Currently, all of them are enabled by default.

#### `alloc`

This flag enables dependency on the `alloc` crate, which is required for
the [OwnedStack](https://edef1c.github.io/libfringe/fringe/struct.OwnedStack.html).

#### `valgrind`

This flag enables [Valgrind] integration. libfringe will register context stacks with Valgrind.

[Valgrind]: http://valgrind.org

## Internals

libfringe uses two key implementation techniques.

### Compiler-assisted register spilling

Traditionally, libraries implementing context switches in userspace have to spill all callee-saved
registers. On the other hand, libfringe fully inlines calls to every function that eventually
results in a context switch, and uses an inline assembly statement marking every register as
clobbered to implement the context switching itself.

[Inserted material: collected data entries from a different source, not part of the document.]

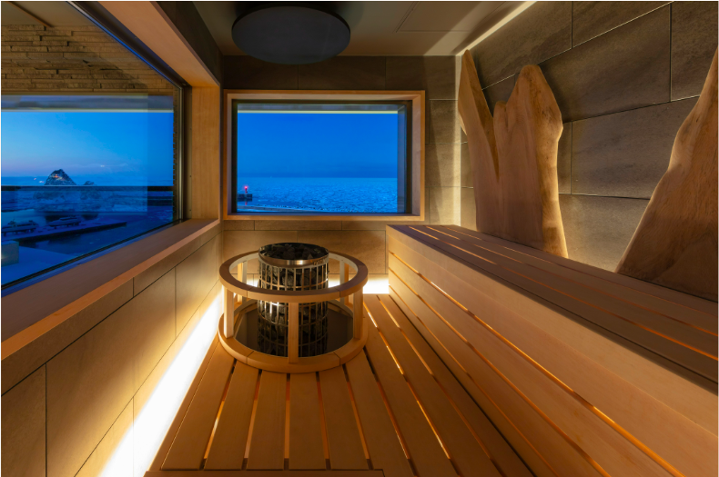 サウナ室は、流氷をイメージした『KAKUUNA(カクウナ)』と木の洞窟をイメージした『UNEUNA(ウネウナ)』の2種類。「UNEUNA」のうねりは世界でも珍しい3D加工で木材を削り出して曲線を型取っている。また、チラーの導入により最適の温度に保たれた水深90cmの水風呂や、充実した外気浴・内気浴スペースもあり、屋上には「UMISORA(ウミソラ)外気浴」と呼ばれるインフィニティチェアを並べたスペースも用意し、隅々までこだわった。
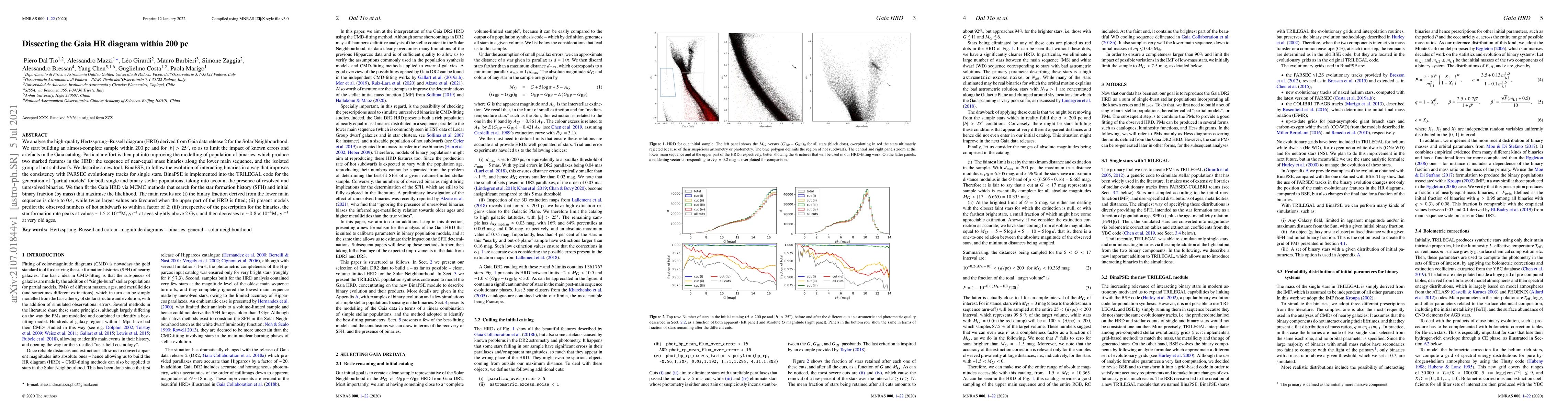 This study analyzes Gaia DR2 data to construct a high-quality Hertzsprung-Russell diagram for the Solar Neighbourhood within 200 pc. It introduces BinaPSE, a tool to model binary star evolution, integrated into TRILEGAL for generating stellar population models. The research finds a lower main sequence binary fraction around 0.4, larger values (nearly 0.8) in the upper HRD, and accurately predicts hot subdwarf numbers. The star formation rate peaks at 1.5e-4 Msun/yr, ages around 2 Gyr, and decreases to 0.8e-4 Msun/yr at older ages.
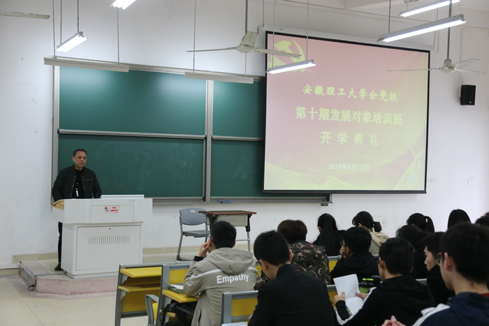 4月13日上午,能源与安全学院和材料科学与工程学院分党校第十期发展对象培训班在明理楼103教室举行开班典礼。能源与安全学院党委书记陈新明、材料科学与工程学院党委副书记范洪喜、学生辅导员、全体2019年党员发展对象参加了本次典礼。典礼由材料科学与工程学院党委副书记范洪喜主持。
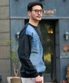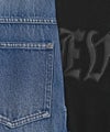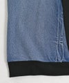 デニム素材を大胆に切り替えたインパクトあるデザイン。
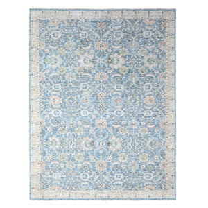 10'1"x13'9" Imperial Blue, Hand Knotted, Afghan Angora Oushak With All Over Vines Design, Natural Dyes, 100% Wool, Oriental Rug FWR539196
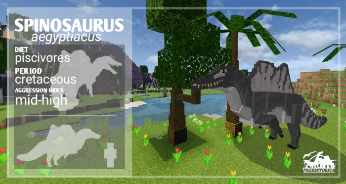 Spinosaurus Aegyptiacus. The spinosaurus is an aquatic predator, easily navigating through water thanks to its fin and tail to hunt for food. Now, not only the land but also the underwater world of Minecraft Bedrock will pose a threat to you.
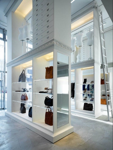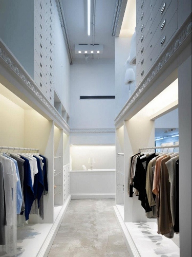 Linear dimensions, stark monochrome fixtures and soothing light lend it a harmonious vibe in-sync with the labels quieter, subtle new direction as of late.
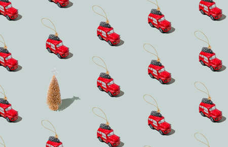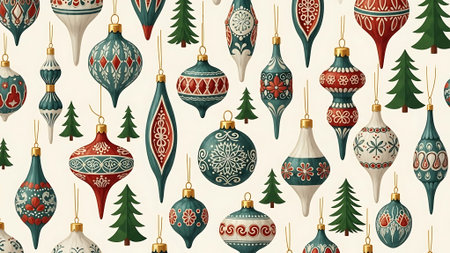 New Year's pattern of gift boxes and Christmas ornaments.
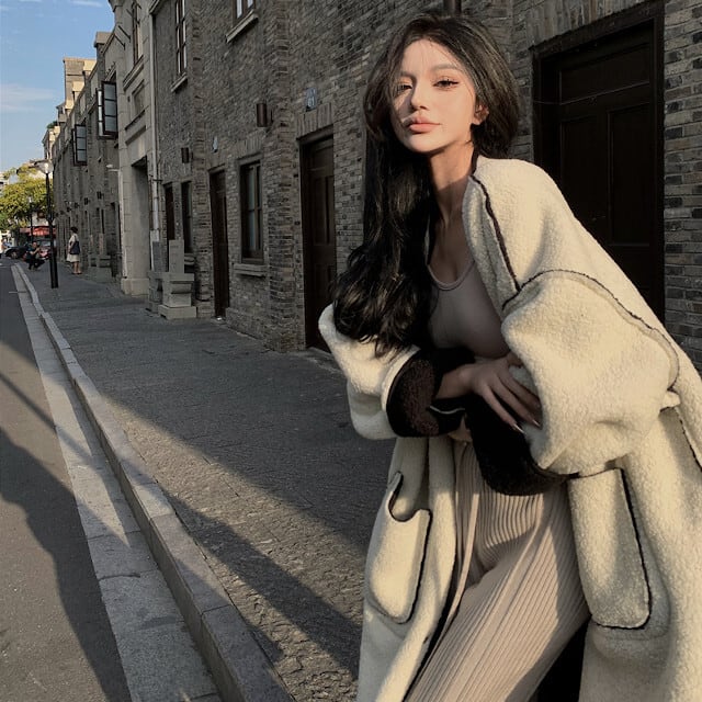 ロングコート レディース リバーシブル 両面 オーバーシルエット もこもこ フリース あったか 秋冬 ブラック アイボリー
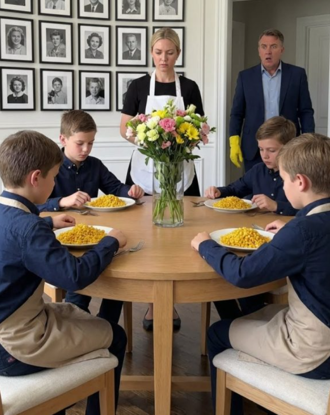 Elena, la jeune femme de chambre en uniforme bleu et blanc impeccable, ne faisait ni l'entretien de l'argenterie ni le ménage. Assise à table , elle nourrissait calmement quatre petits garçons identiques — âgés d'environ quatre ans — vêtus de vêtements rapiécés et de fortune.
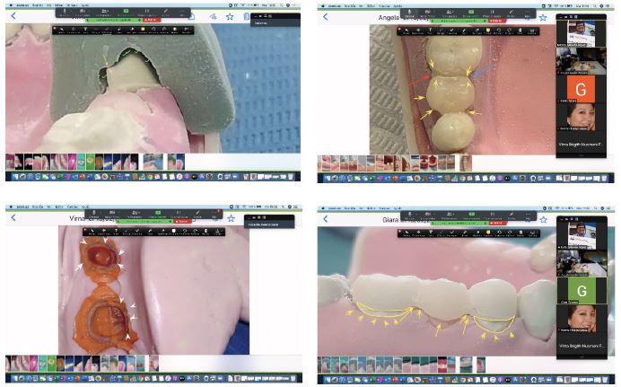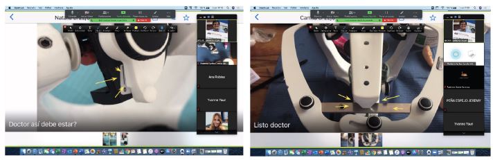 La experiencia de usar una plataforma de video conferencia como el Zoom ha sido muy valiosa como instrumento para poder generar aprendizajes significativos en los procedimientos restauradores directos e indirectos. Las herramientas que posee lo hace altamente versátil para poder realizar instrucciones a los alumnos, así como para poder realizar indicaciones precisas y claras en cuanto a los pasos procedimentales que el estudiante debe realizar según la rutina establecida. Una experiencia inédita en simulación con maqueta-UPCH vía remota ha sido realizada con singular éxito. La herramienta pizarra y anotar del Zoom ha demostrado su total utilidad asi como la herramienta de sección de grupos. Tanto docentes como estudiantes usan con mucha frecuencia la laptop como el principal medio de interacción. Para lograr una comunicación efectiva la fotografía y el envío usando aplicativos de imagen y audio fueron muy valiosos para poder cerrar un círculo de comunicación efectivo, nos referimos al aplicativo de mensajería instantánea WhatsApp (13).
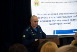 В Ставропольском президентском кадетском училище состоялось очередное заседание педагогического совета. В этот раз его основная тема звучала так: «Поиск и применение педагогических ресурсов в целях повышения качества образования (на материалах передового опыта педагогов СПКУ)». Началось заседание педсовета с приветственного слова ко всем педагогам начальника Ставропольского ПКУ, кандидата технических наук, профессора Вячеслава Валерьевича Преснухина.
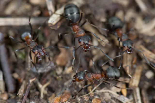 Arbeidere av glatt skogmaur Formica polyctena. Jeløya, Moss i Østfold.
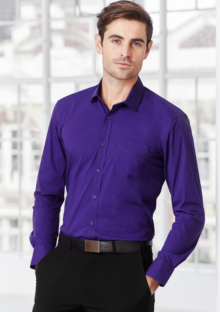 - Two-piece button-down collar, centre back box pleats and hanger loop, and chest pen holder reinforced at edges
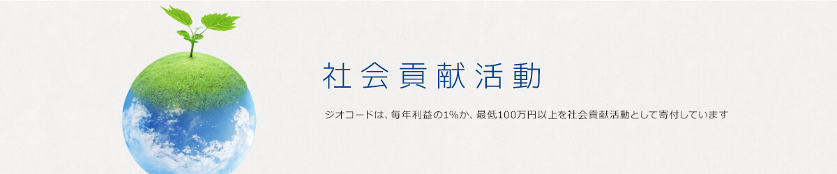 ジオコードは、毎年利益の1%か、最低100万円以上を社会貢献活動として寄付しています。
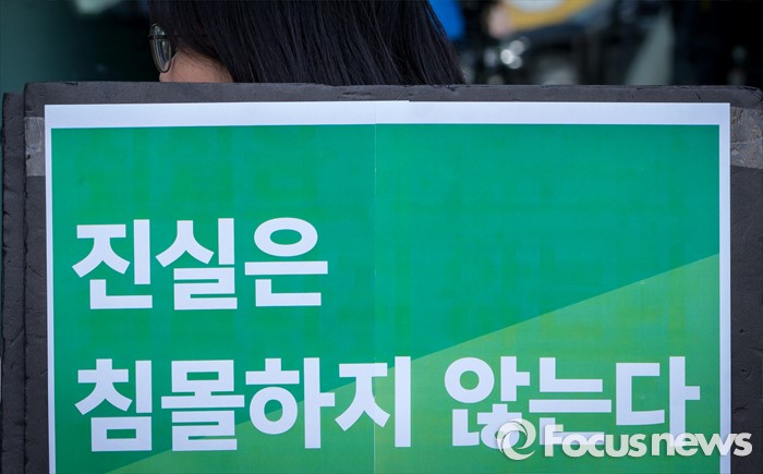 (서울=포커스뉴스) 23일 오후 서울행정법원 앞에서 열린 '청와대 상대 정보공개 소송 결과' 관련 기자회견에 참석한 녹색당원이 '진실은 침몰하지 않는다'라는 문구가 적힌 손팻말을 들고 있다.
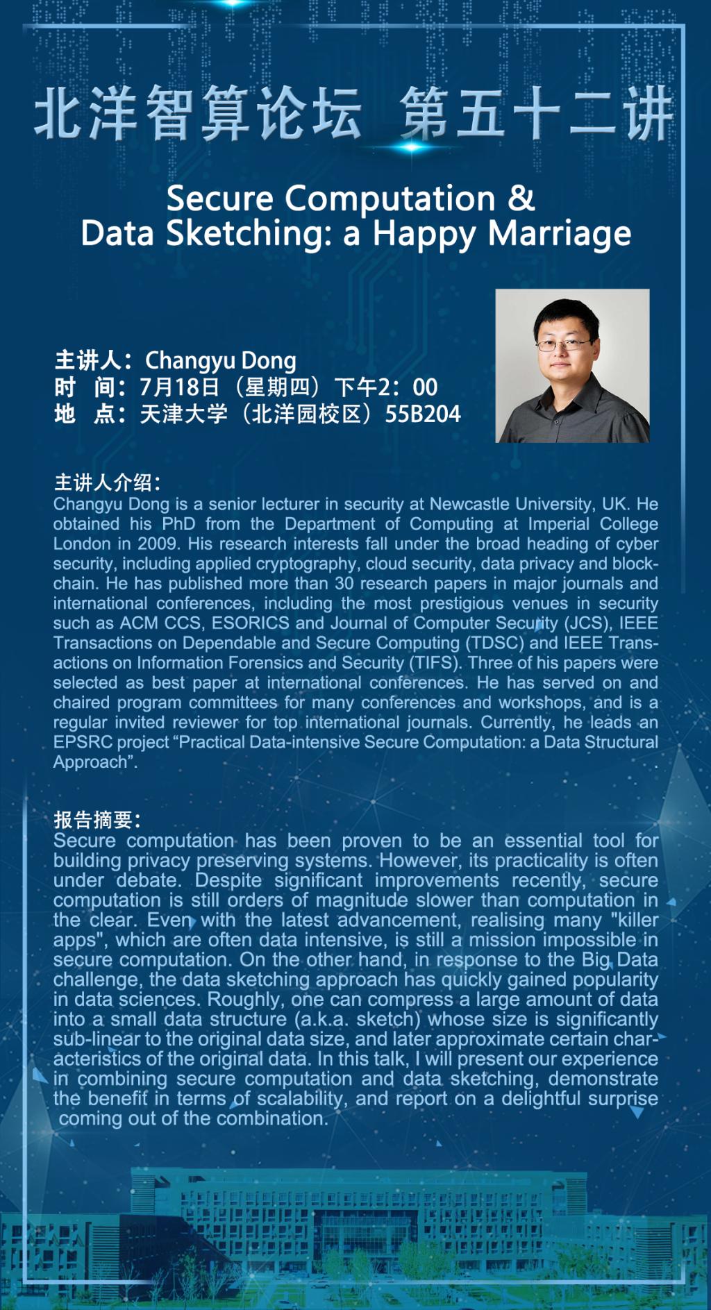 Changyu Dong is a senior lecturer in security at Newcastle University, UK. He obtained his PhD from the Department of Computing at Imperial College London in 2009. His research interests fall under the broad heading of cyber security, including applied cryptography, cloud security, data privacy and blockchain. He has published more than 30 research papers in major journals and international conferences, including the most prestigious venues in security such as ACM CCS, ESORICS and Journal of Computer Security (JCS), IEEE Transactions on Dependable and Secure Computing (TDSC) and IEEE Transactions on Information Forensics and Security (TIFS). Three of his papers were selected as best paper at international conferences. He has served on and chaired program committees for many conferences and workshops, and is a regular invited reviewer for top international journals. Currently, he leads an EPSRC project “Practical Data-intensive Secure Computation: a Data Structural Approach”.

As a result, only minimal work needs to be performed in the context switching code (LLVM does not
support spilling the frame pointer), which is especially important on architectures with lots
of callee-saved registers.

### Call stack splicing

Non-Windows platforms use [DWARF][] for both stack unwinding and debugging. DWARF call frame
information is very generic to be ABI-agnostic—it defines a bytecode that describes the actions
that need to be performed to simulate returning from a function. libfringe uses this bytecode
to specify that, after the generator function has returned, execution continues at the point
where the generator function was resumed the last time.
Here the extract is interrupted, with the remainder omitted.